Kodama I, Shibata N, Sakuma I, Mitsui K, Iida M, Suzuki R, Fukui Y, Hosoda S, Toyama J
Department of Circulation, Nagoya University, Japan.
Am J Physiol. 1994 Jul;267(1 Pt 2):H248-58. doi: 10.1152/ajpheart.1994.267.1.H248.
To clarify the mechanisms underlying cardiac dysfunction after electrical defibrillation, we investigated the effects of direct current field stimulation (10 ms, 1-80 V/cm) on isolated guinea pig papillary muscles. Shocks (S2) > 15 V/cm lowered the plateau height of the S2-induced action potential and inhibited its terminal repolarization. Subsequent responses to basic stimuli (S1, 1.0 Hz) for 1-3 min were characterized by a decrease in the maximum diastolic potential, a shortening of action potential duration, and an increase of the developed tension. With S2 > 30 V/cm, a marked delay in repolarization of the S2-induced action potential was followed by oscillation of membrane potential, resulting in repetitive spontaneous activity and often refractoriness to S1 stimulation. The aftereffects were independent of the phase of S2 application. Most of the aftereffects were preserved in the presence of nifedipine (1 microM) or ryanodine (1 microM). Only sodium channel blockade by tetrodotoxin (10 microM) modified the aftereffects by depressing the generation of spontaneous activity. These findings suggest that strong shocks (> 15 V/cm) will produce abnormal arrhythmogenic responses probably through a transient rupture of sarcolemmal membrane (electroporation) leading to a disturbance of the ionic equilibrium of the myocyte.

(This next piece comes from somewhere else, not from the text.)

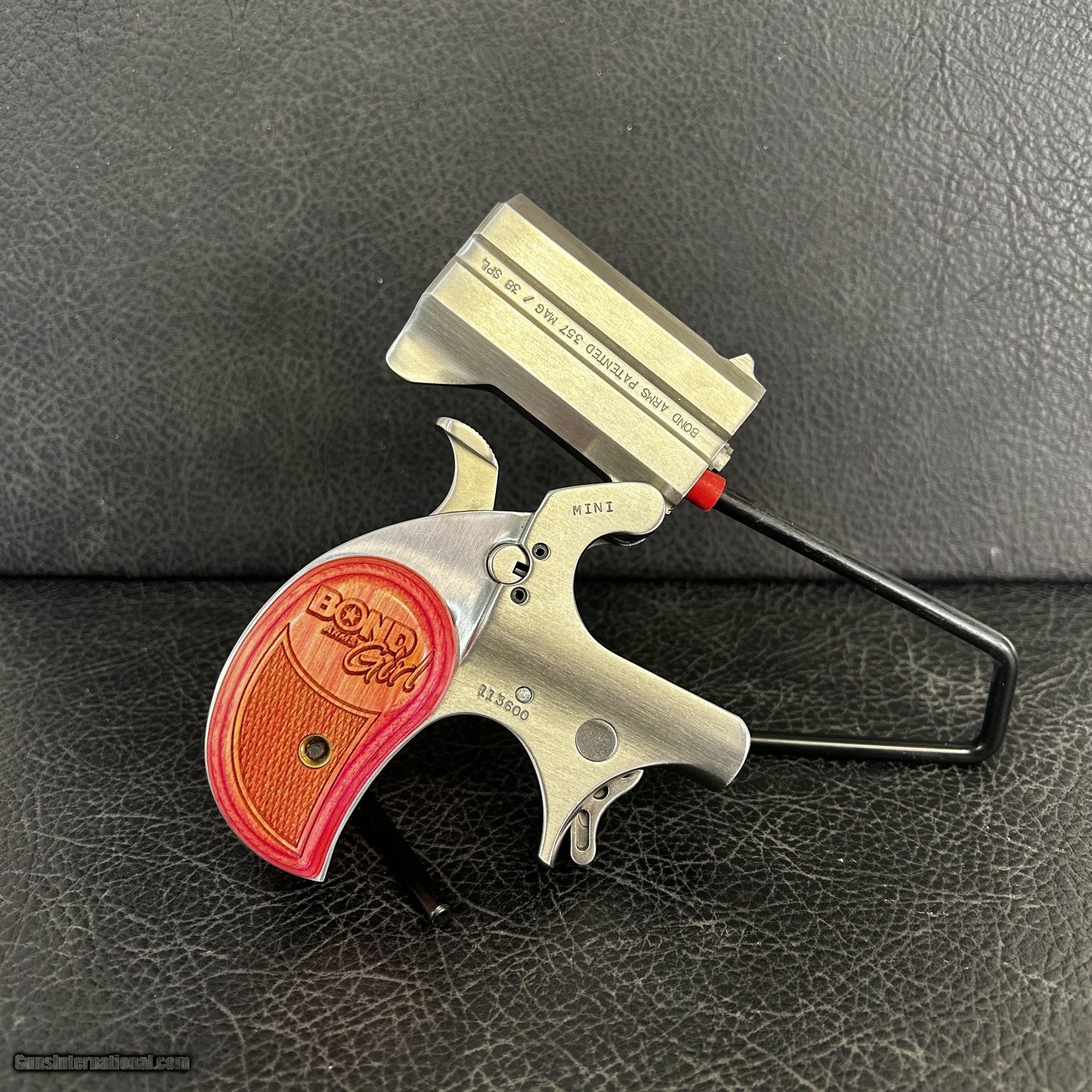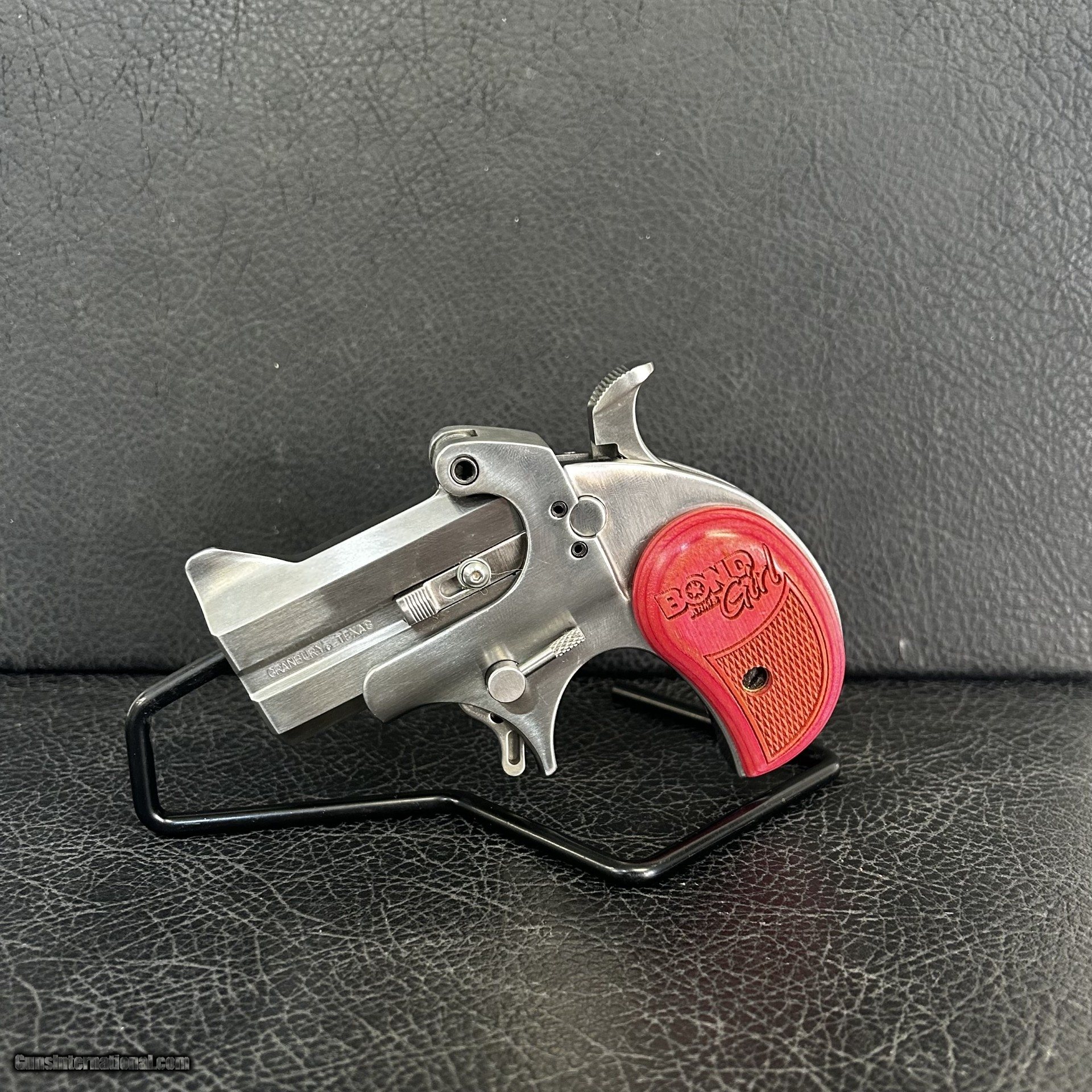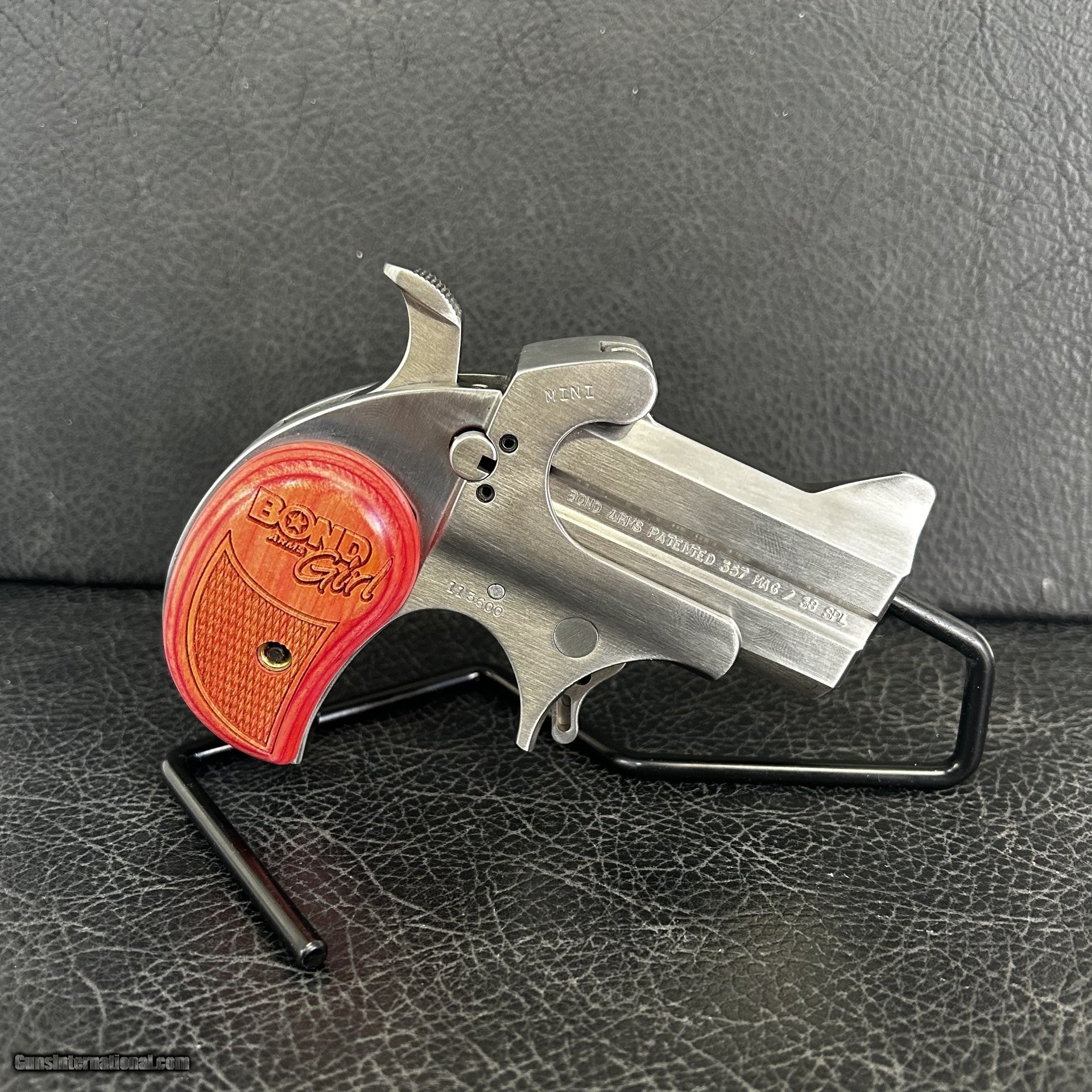 Description: Guns Listing ID: 498903 In good condition with no cosmetic damage. Will come in a hard case. The Bond Arms Girl Mini is a compact and stylish break-action pistol that combines powerful performance with an eye-catching design. Chambered in .357 Magnum and .38 Special. SOLD Manufacturer: BOND ARMS Model: MINI GIRL Caliber Info: .357 MAG Condition: Used - Non-Certified Barrels: 2.5 Action: OVER/UNDER |
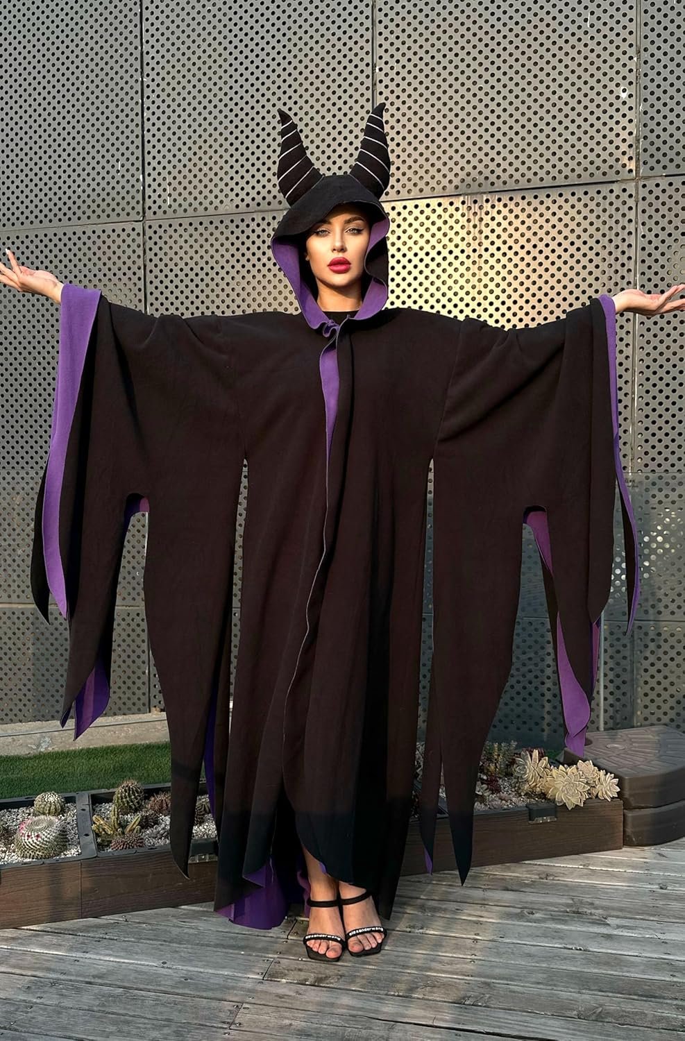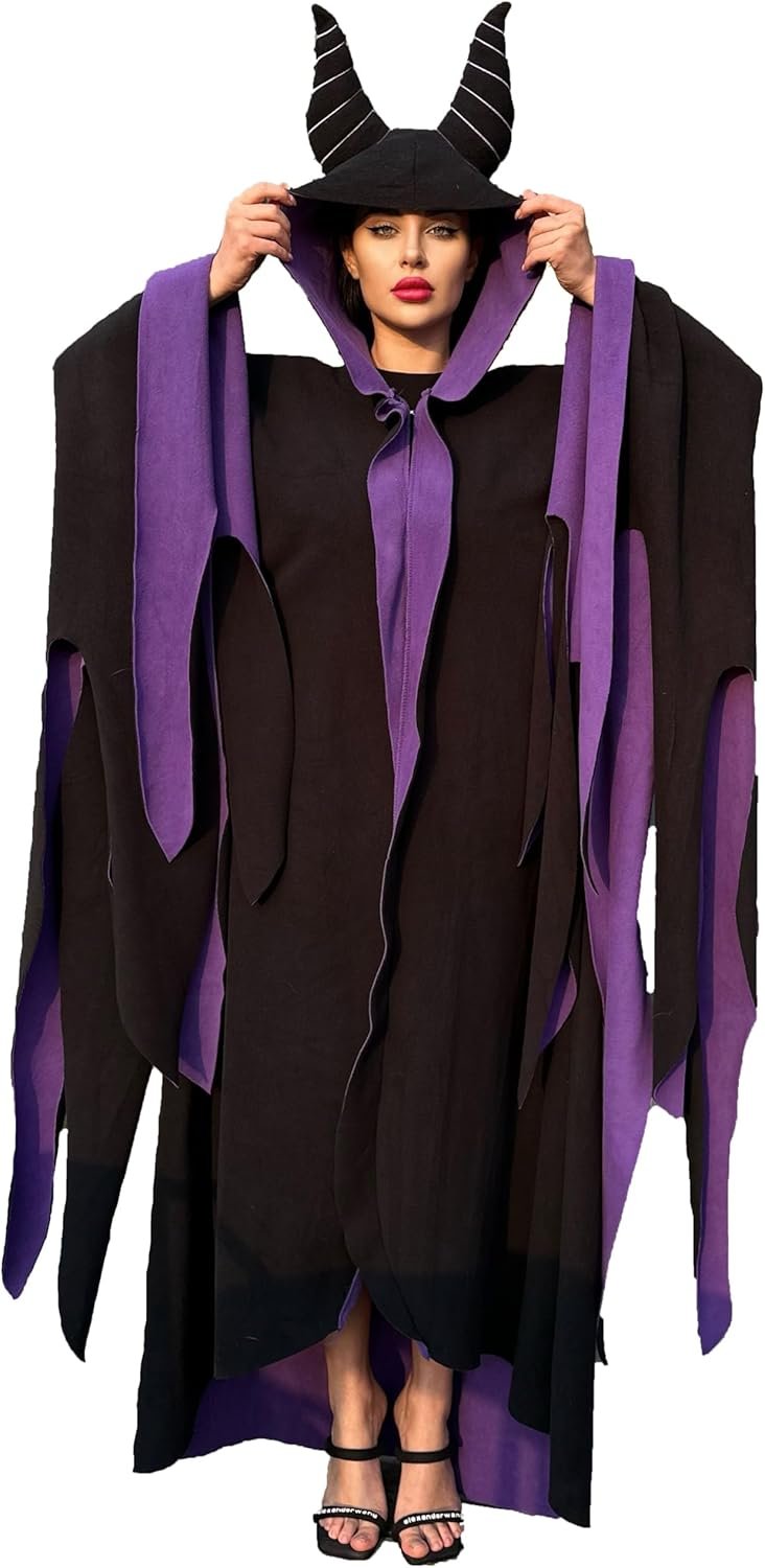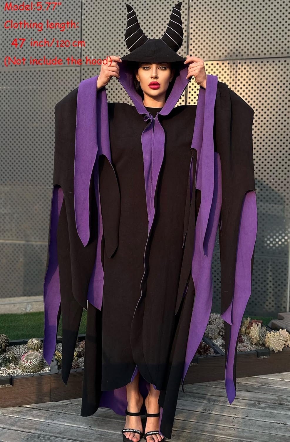 Women’s Evil Witch Queen Cloak costume woman halloween costumes adult costumes sleeping beauty costume adult Witch Cloak Costume Women Halloween Cosplay with Hooded Open Front Coat Fleece

为阐明电除颤后心脏功能障碍的潜在机制,我们研究了直流电场刺激(10毫秒,1 - 80伏/厘米)对离体豚鼠乳头肌的影响。强度大于15伏/厘米的电击(S2)会降低S2诱导动作电位的平台期高度,并抑制其终末复极化。随后对基础刺激(S1,1.0赫兹)持续1 - 3分钟的反应表现为最大舒张电位降低、动作电位时程缩短以及张力增加。当S2大于30伏/厘米时,S2诱导动作电位的复极化明显延迟,随后膜电位振荡,导致重复性自发活动,且常对S1刺激产生不应性。这些后效应与施加S2的相位无关。在硝苯地平(1微摩尔)或ryanodine(1微摩尔)存在的情况下,大部分后效应得以保留。只有河豚毒素(10微摩尔)阻断钠通道通过抑制自发活动的产生来改变后效应。这些发现表明,强电击(大于15伏/厘米)可能通过肌膜的短暂破裂(电穿孔)导致心肌细胞离子平衡紊乱,从而产生异常的致心律失常反应。